December’s result was impacted by the U.S. federal government shutdown, The Conference Board notes. Due to the shutdown, data for manufacturers’ new orders for consumer goods and materials for November and December and building permits were not published for December. The Conference Board forecast these series in order to publish a preliminary Leading Economic Index.
“The US LEI declined slightly in December and the recent moderation in the LEI suggests that the U.S. economic growth rate may slow down this year,” says Ataman Ozyildirim, director of economic research at The Conference Board. “While the effects of the government shutdown are not yet reflected here, the LEI suggests that the economy could decelerate towards two percent growth by the end of 2019.”
The Conference Board’s Coincident Economic Index (CEI), a measure of current economic activity, increased in December, rising 0.2 percent to 105.1, following a 0.2 percent increase in November and a 0.2 percent increase in October. Its Lagging Economic Index, an indicator representing changes that come only after the economy has begun to follow a particular trend, ticked up 0.5 percent in December to 106.7, after an increase of 0.5 percent in November and a 0.6 percent increase in October.
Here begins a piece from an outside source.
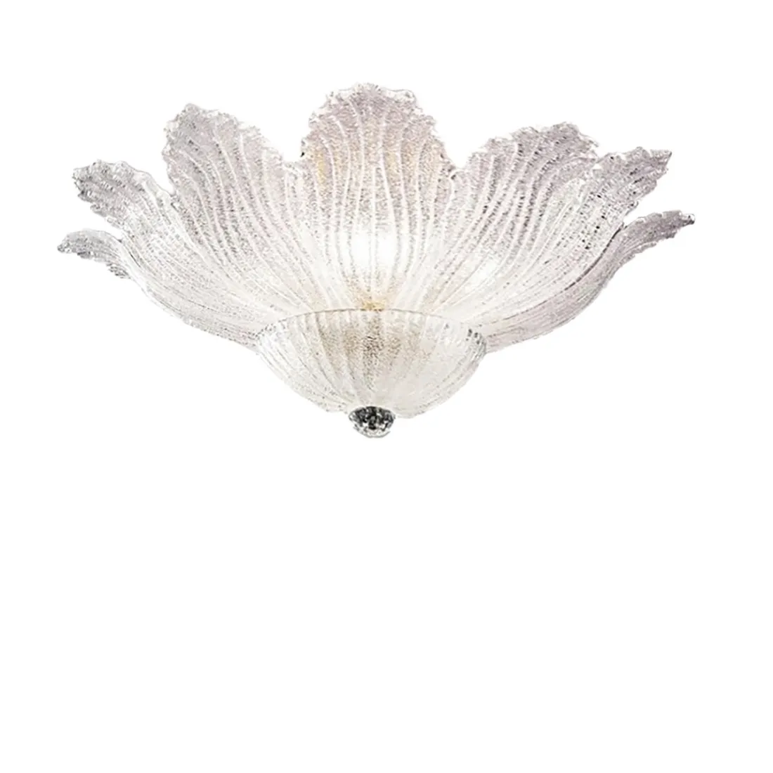 Klassische Deckenlampe oder Deckenlampe besteht aus 16 Kristallglasblättern, elegant und raffiniert für anspruchsvolle Umgebungen und raffinierte Möbel. Viele Blätter nebeneinander fallen nur durch die Brillanz auf, die sie in den Raum verbreiten. Ein spektakuläres Glas, das nie aus der Mode kommt und überall und in jedem Raum schmückt. 2519 PLG misst einen Durchmesser von 72cm und eine Ausladung von 30cm.

The Conference Board’s indexes are composites of leading, coincident and lagging economic indicators designed to highlight peaks and troughs in the business cycle that could be obscured by volatility within individual components. The LEI is comprised of 10 indicators. These include average weekly hours, manufacturing; average weekly initial claims for unemployment insurance; manufacturers’ new orders, consumer goods and materials; the Institute of Supply Management Index of New Orders; manufacturers' new orders, nondefense capital goods excluding aircraft orders; building permits, new private housing units; stock prices, 500 common stocks; the Leading Credit Index; the interest rate spread, 10-year Treasury bonds less federal funds; and average consumer expectations for business conditions.